# Confused about eigenstates, uncertainties,expectation values

1. Mar 20, 2015

### dyn

If a wavefunction can be in different states each with a different eigenvalue when operated on by an Hermitian operator then am I correct in thinking that the expectation value of that operator when acting on a superposition of states could give a value that does not equal any single one of the individual eigenvalues ?
If I am correct so far ; now comes my main question - I have read that the uncertainty is zero if the state is in an eigenstate ,ie for an operator A the uncertainty is zero implies A(psi) = <A>(psi) where <A> is the expectation value of A. What does this mean ?
Thanks.

2. Mar 20, 2015

### Staff: Mentor

To prevent this type of confusion you really need to see an axiomatic treatment.

I will take the two axioms QM is based on from Ballentine with a slight tweak that exposes it a bit better.

It does require a bit of knowledge of linear algebra though - specifically the spectral theorem.

First Axiom:
An observation with outcomes i is described by a resolution of the identity Ei such that the probability of outcome is determined only by the Ei.

We can associate an arbitrary real number yi with each outcome and form a Hermitian operator O = Σ yi Ei to form what called the observations observable.
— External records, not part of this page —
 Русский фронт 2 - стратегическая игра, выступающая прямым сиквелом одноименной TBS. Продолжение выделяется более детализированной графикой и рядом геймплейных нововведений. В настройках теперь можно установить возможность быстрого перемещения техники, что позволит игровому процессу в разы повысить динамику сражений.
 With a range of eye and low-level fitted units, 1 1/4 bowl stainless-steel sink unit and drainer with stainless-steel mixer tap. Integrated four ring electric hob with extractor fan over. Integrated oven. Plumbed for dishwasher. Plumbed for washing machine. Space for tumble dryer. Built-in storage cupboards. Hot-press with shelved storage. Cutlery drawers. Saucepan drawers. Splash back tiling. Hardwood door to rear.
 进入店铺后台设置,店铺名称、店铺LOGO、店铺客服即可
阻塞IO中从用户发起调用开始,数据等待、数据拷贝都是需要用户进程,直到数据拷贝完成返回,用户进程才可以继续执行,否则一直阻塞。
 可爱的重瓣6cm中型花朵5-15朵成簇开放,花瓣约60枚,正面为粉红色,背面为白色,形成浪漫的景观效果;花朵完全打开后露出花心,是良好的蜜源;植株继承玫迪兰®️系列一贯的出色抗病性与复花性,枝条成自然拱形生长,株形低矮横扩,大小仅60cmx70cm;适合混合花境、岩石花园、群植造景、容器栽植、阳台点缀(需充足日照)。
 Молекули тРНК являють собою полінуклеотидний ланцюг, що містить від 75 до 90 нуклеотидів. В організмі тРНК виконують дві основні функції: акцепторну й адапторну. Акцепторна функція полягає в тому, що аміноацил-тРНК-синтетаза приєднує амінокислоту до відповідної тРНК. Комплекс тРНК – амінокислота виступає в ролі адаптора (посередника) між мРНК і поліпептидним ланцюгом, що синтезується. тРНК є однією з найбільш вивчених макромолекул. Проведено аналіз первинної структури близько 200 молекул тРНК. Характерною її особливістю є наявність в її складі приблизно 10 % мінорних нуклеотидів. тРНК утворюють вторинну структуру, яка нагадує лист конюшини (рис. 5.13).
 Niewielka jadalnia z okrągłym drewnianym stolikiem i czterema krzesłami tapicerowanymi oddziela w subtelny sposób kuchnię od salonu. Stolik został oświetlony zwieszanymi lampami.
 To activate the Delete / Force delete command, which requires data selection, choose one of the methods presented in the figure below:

The possible outcomes of the observation are its eigenvalues yi. From the spectral theorem given O we can uniquely recover the Ei and yi so either view is equivalent.
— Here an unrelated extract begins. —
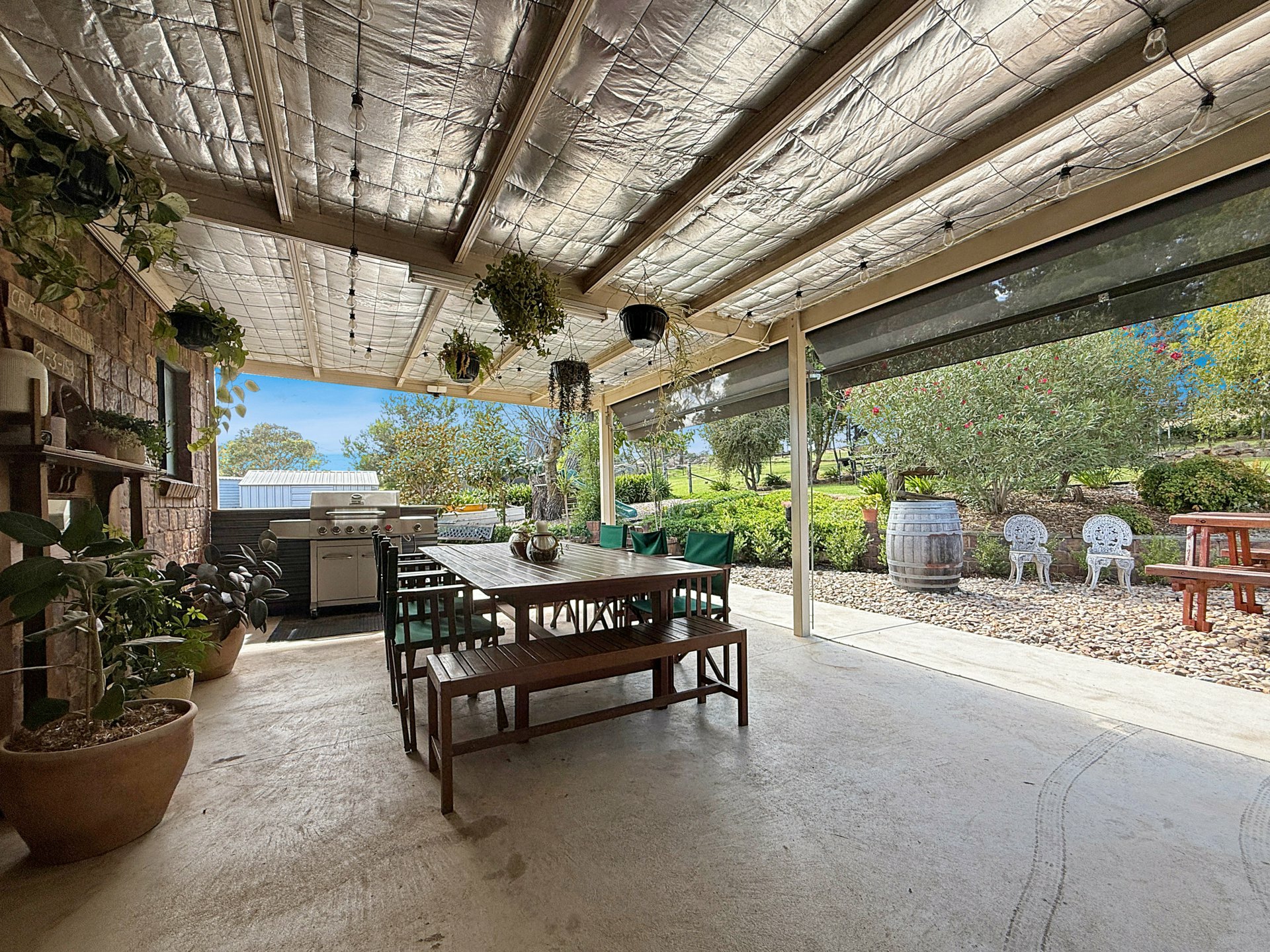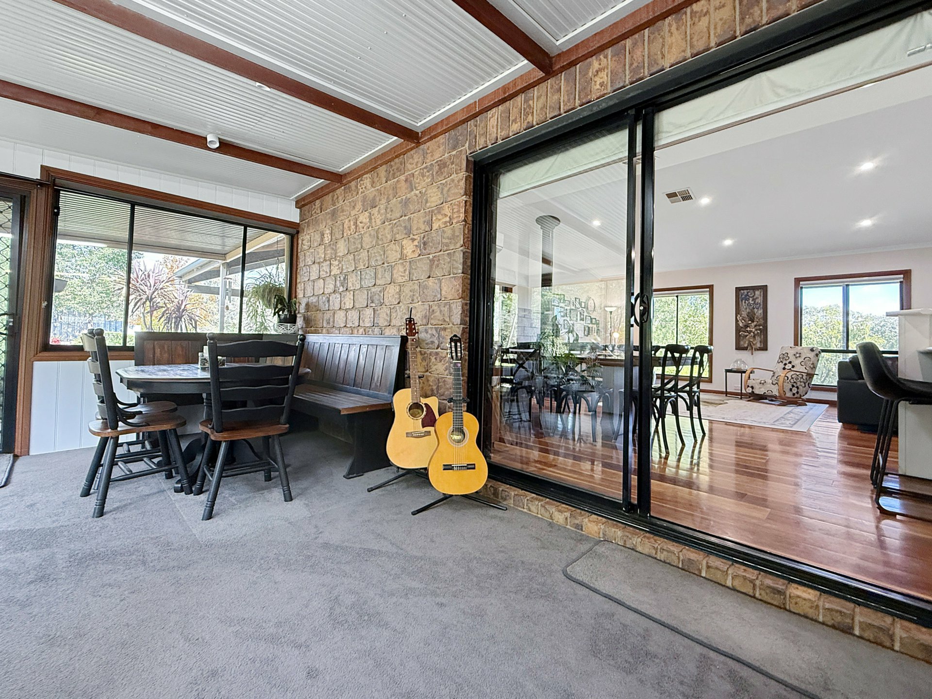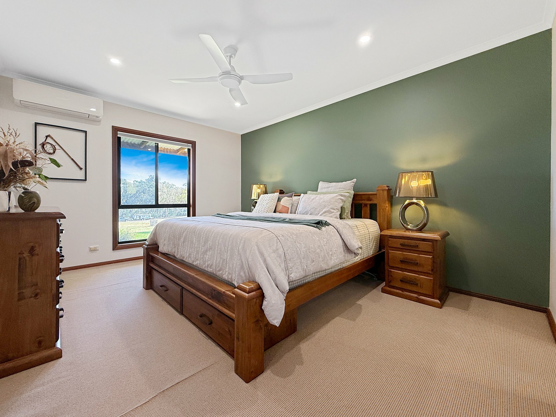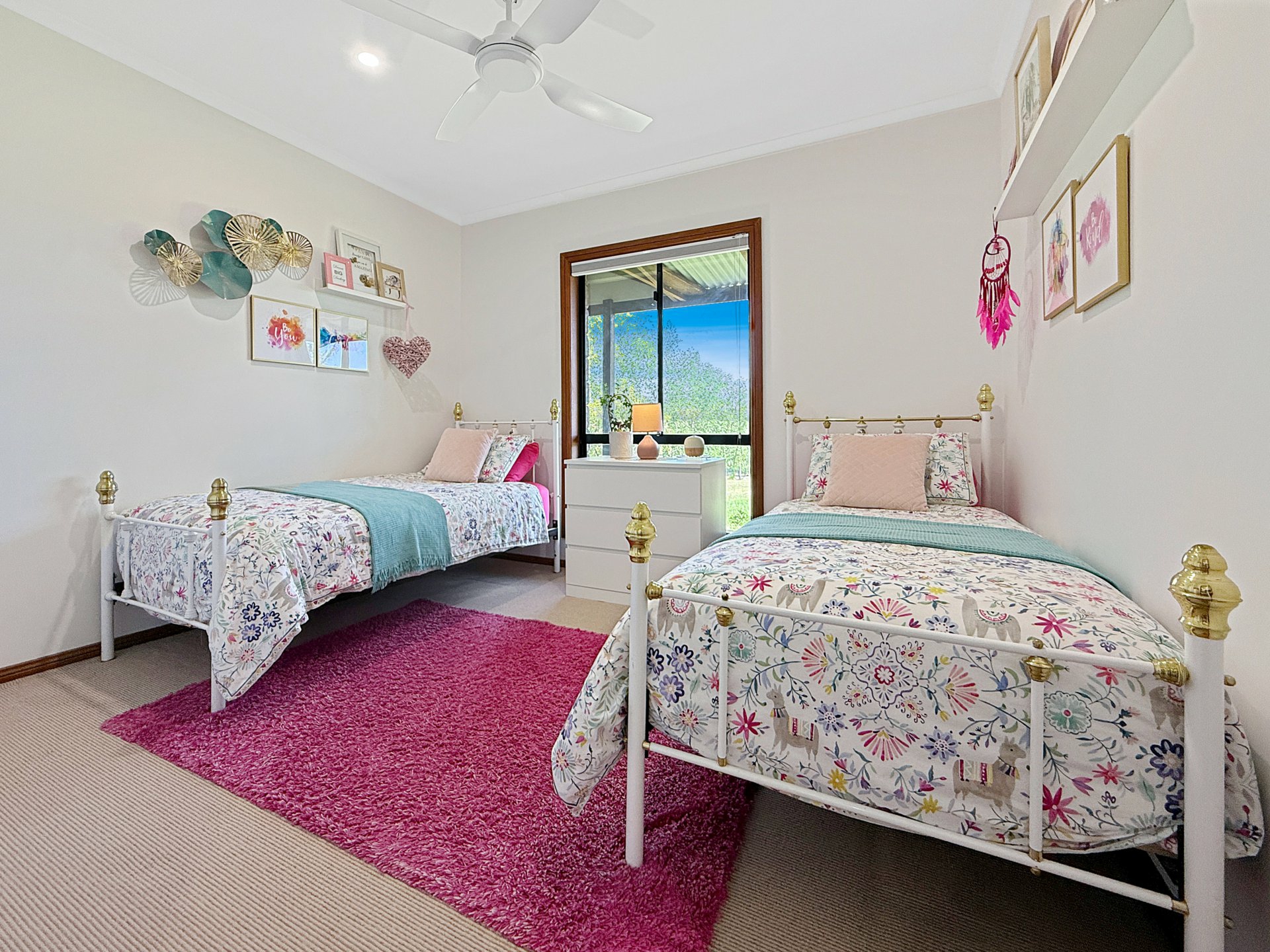 The property is well set up for lifestyle or small-scale farming, with nine paddocks, a main shed offering car accommodation, gym or studio, workshop, machinery storage and wood shed, plus a double bay shed with stables and additional animal enclosures including an aviary & chook run. A 7x7.5m carport adjoins the home, and a 6.6kW solar system adds efficiency. Mail and school bus service are conveniently at the front gate.

Second Axiom - Called The Born Rule
There exists a positive operator P of unit trace, called the state of the system, such that the expected outcome of the observation O is Trace (PO).
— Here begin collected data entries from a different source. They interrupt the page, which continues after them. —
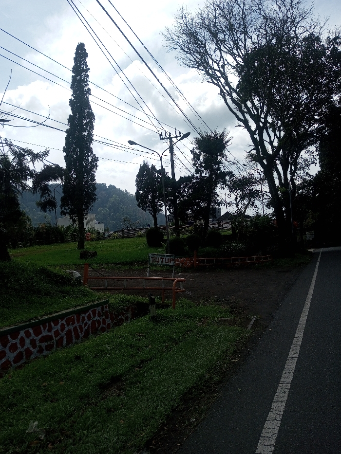 This image displays an outdoor scene in the city of Chhenangri_Rishor, Bhutan, captured on an overcast day. In the immediate foreground, a low, decorative wall constructed from red-brown stones with white mortar patterns runs along the bottom left, bordering a section of short green grass. Adjacent to this, an orange-brown metal barrier, consisting of two horizontal bars, obstructs a dirt path. A white sign with "TUTUP" in black capital letters is attached to the upper bar of this barrier. To the right of the barrier and path, an asphalt road with a solid white lane line on its right edge extends diagonally into the frame. The midground features a grassy area with multiple trees. A tall, slender coniferous tree stands prominently to the left of center. To its right, a utility pole supports numerous overhead power lines and a streetlamp. Further right, a large tree with a dense, gnarled canopy is silhouetted against the sky. Various other trees and sparse vegetation are visible across the midground. The background consists of a tree-covered hillside or mountain range under a bright, cloudy sky. No human figures or active subjects are present in the depicted scene.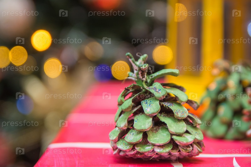 Рождественское украшение, сосновая шишка, окрашенная в зеленый цвет, как рождественская елка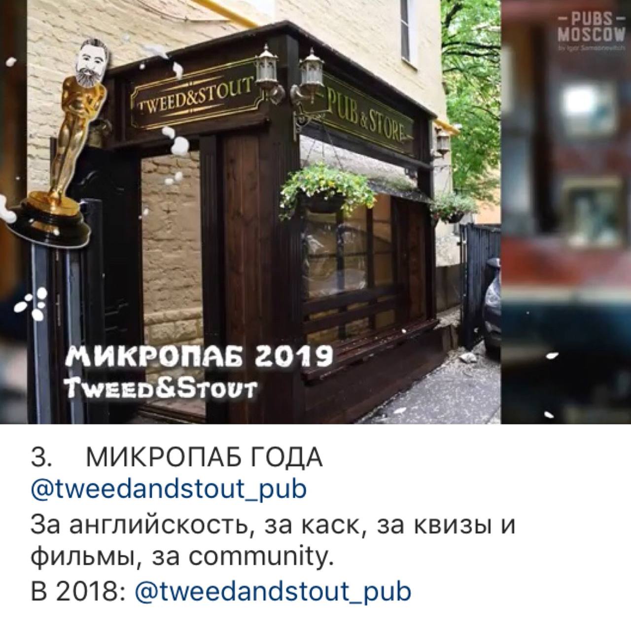Паб Tweed&Stout дважды признан лучшим микропабом Москвы в 2019 и 2020 годах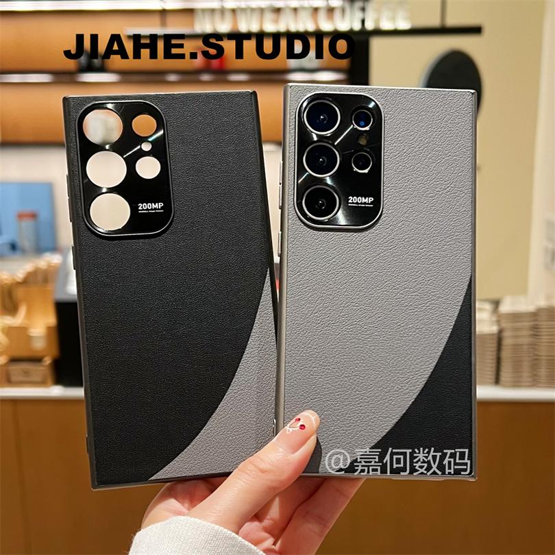 素皮双色拼色适用三星s24ultra手机壳s23ultra硬壳高颜值贴皮s22ultra全包s24+简约s23+保护壳s22+金属镜头框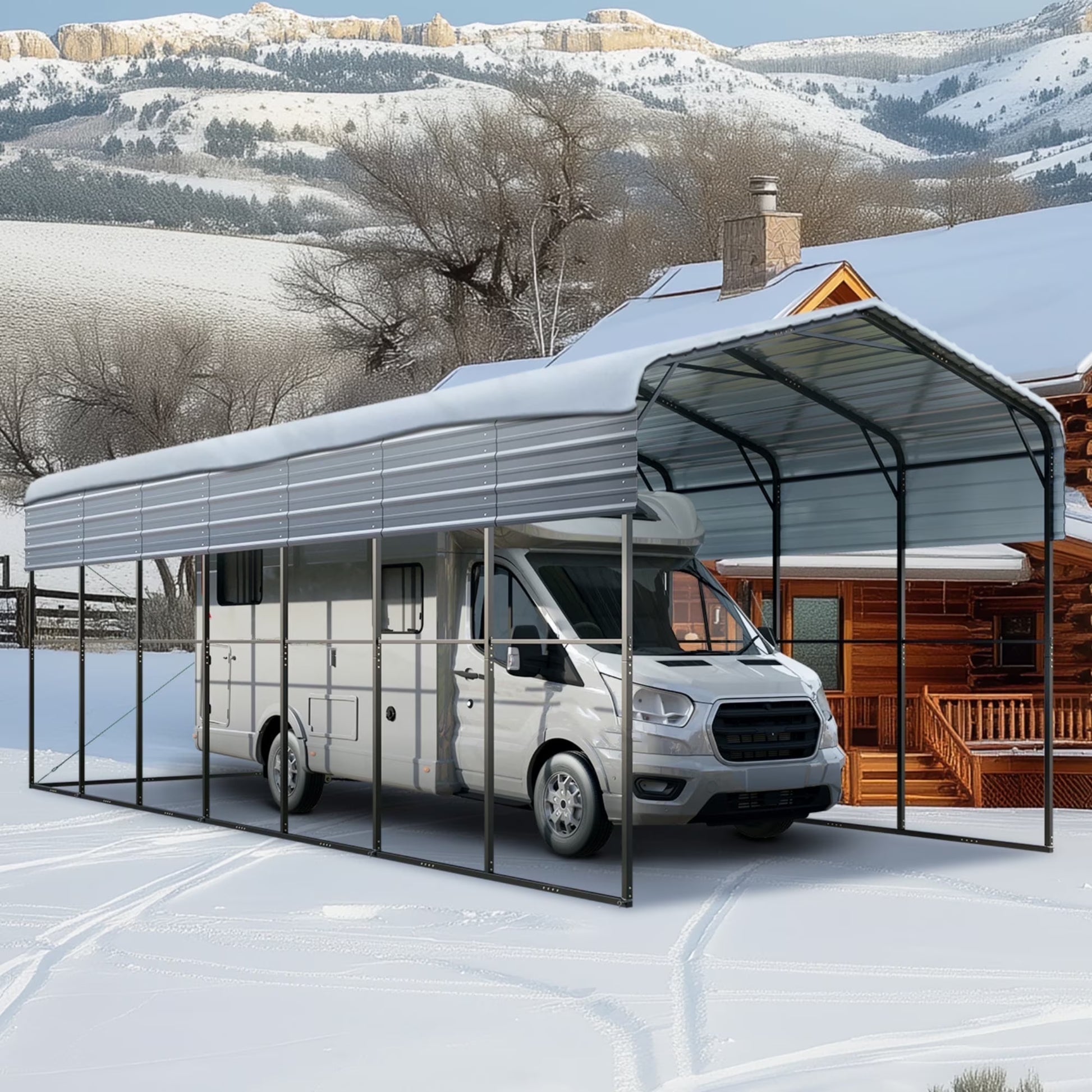 Introducing the Summit Living outdoor heavy-duty metal carport, the perfect solution to protect your vehicles and outdoor equipment from the elements. Constructed with a robust steel frame and a durable metal panel roof, this carport is designed to shield your car, RV, or boat from harsh winds, rain, and intense sunlight.

The second axiom is not entirely independent of the first because of a deep and important theorem called Gleason's theorem - but that is just by the by.

Note a state is a positive operator. But positive operators of the form |u><u| are, without going into the detail, called pure and they are what you usually deal with starting out in QM.

The Born Rule for pure states is E(O) = <u|O|u>.

Now lets suppose the state is in an eigenstate of an observable O = ∑ yi |bi><bi|. Since the yi are arbitrary we can change it to all zero except for yi =1 ie O = |bi><bi|. This would mean the observation gives 1 if outcome i occurs and zero otherwise. Then E(|bi><bi) = probability of outcome i occurring. Thus if the system is in state |bi> the probability of outcome i is <bi|bi><bi|bi> = 1. Thus if the system is in a state corresponding to an eigenvalue of the observable, the outcome of the observation will be a dead cert - it will always give the yi associated with that state in the observable.

Unfortunately the explanation does require knowledge of the Bra-Ket notation and linear algebra. I wish I could explain it without it - but I really can't.

Now specifically to your question. The outcome of the observation must be one of the eigenvalues of the observable - it cant be anything else. But of course the expected value can be a lot different - its similar to saying the average number of children in a household is 2.5 - you can't of course have .5 of a child.

Thanks
Bill

Last edited: Mar 20, 2015
3. Mar 20, 2015

### dyn

Thanks for that but its a bit over my head. I was thinking of a simple example like momentum eigenstates +p and -p but the expectation value is zero which cannot be the result of a single measurement.

4. Mar 20, 2015

### Staff: Mentor

You might not have seen the end bit of my post - I sometimes do it in parts.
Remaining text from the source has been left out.